Chapter 25: The Juice, the Whole Juice, and Nothing but the Juice
She says, “But I can see your hands on the video. You may be able to deceive others but you cannot deceive me. I have seen you from your very childhood, and you had such a beautiful body.” And I can see tears coming into her eyes looking at my food. And don’t allow her.because she has been trying persistently for years to bring something, just a little.
I say, “No, nothing doing. My doctor does not allow it. I can take only what he prescribes, I cannot take anything else.” But again and again - and I know why, because she saw me in 1960 when I was one hundred and ninety pounds, and I had a body.. Just yesterday I was talking of Mahavira; I could have competed with Mahavira without any difficulty. Actually, people used to say that my body.because I used to sit almost half-naked. Just a small wraparound lungi, even in winter, in the coldest places, even in New Delhi. My host in New Delhi used to say, “You are the only person I have seen in New Delhi who is sitting in just a wraparound lungi, with half the body naked and the fan on full. How do you manage it?”
People used to say that my body looked as if cut out of marble. It used to look like that because I was exercising so much: eight miles in the morning I was going for a walk, eight miles in the evening - at least for twenty years, sixteen miles per day. If you add it all up I think it will come to nearabout three times around the earth or more.

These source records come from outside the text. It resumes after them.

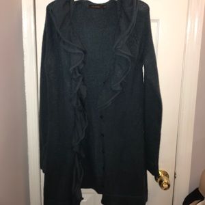 THE LIMITED BRAND long sleeve Knit sweater SIZE MEDIUM in hunter green with ruffle detail around v-neck line and button down center! NEW WITHOUT TAGS NEVER WORN!!! SUPER WARM & COMFY im 5'5 & length comes about mid thigh β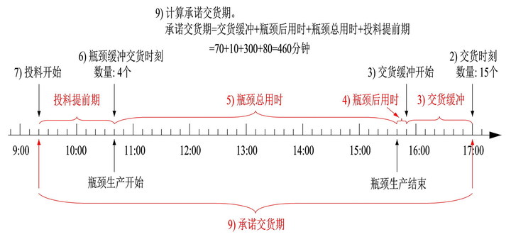 承诺交货期=交货缓冲+瓶颈后用时+瓶颈总用时+投料提前期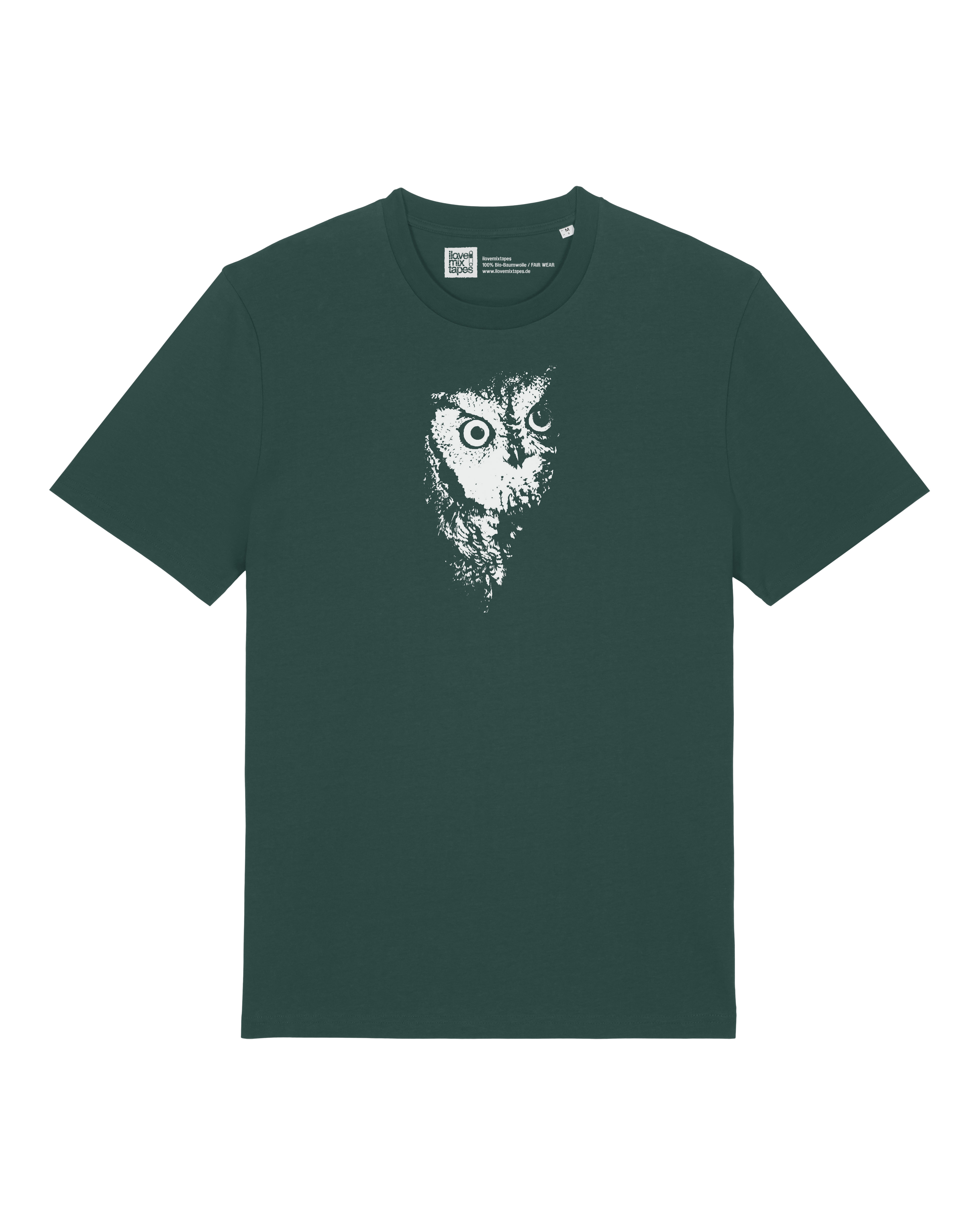 Unisex T-Shirt aus 100 % Bio-Baumwolle in Dunkelgrün mit weißem Eulenmotiv auf der Brust. Der Druck hat einen roughen, grafischen Stil und wird per Siebdruck-Transfer in meinem Atelier in Frankfurt am Main von Hand aufgebracht – mit wasserbasierter, veganer Farbe.

I have hated milk from my very childhood, but because everybody loved my body, and my family insisted that without milk you cannot remain the way you are, I had been drinking milk against my will. That is the only thing in my life that I have done against my will. And the only way I could manage it was to stop breathing and take the whole glass in a single gulp so that I didn’t smell it, because I can’t stand it. I have tried all kinds of milks, but I can’t stand the smell.
My feeling has been always - and I told my family” - Jainas should stop using all milk products because milk is just like meat. It is not vegetarian, it is animal food; and it has a double violence in it. From where does the milk come? It is the mother’s mechanism, biological mechanism, that transforms her blood into milk. You are really drinking white blood.”
My grandmother used to close her ears, “Don’t say such words because then I will not be able to drink it. I will remember ‘white blood.’ Never do such things to an old woman like me.”
Now, Jainas cannot live without milk because that is their only vital food ingredient; otherwise, everything is just vegetable. So they eat all kinds of milk products - butter, ghee, curd - and all kinds of sweets made of milk. But I had a strong feeling from the very beginning that this was just blood. That’s why it increases your blood so quickly, and that’s why the child needs only milk; that’s enough, that is all his food. The mother’s milk provides the child all necessary food; nothing else is needed - and those are the days of its growth. So milk is a whole food.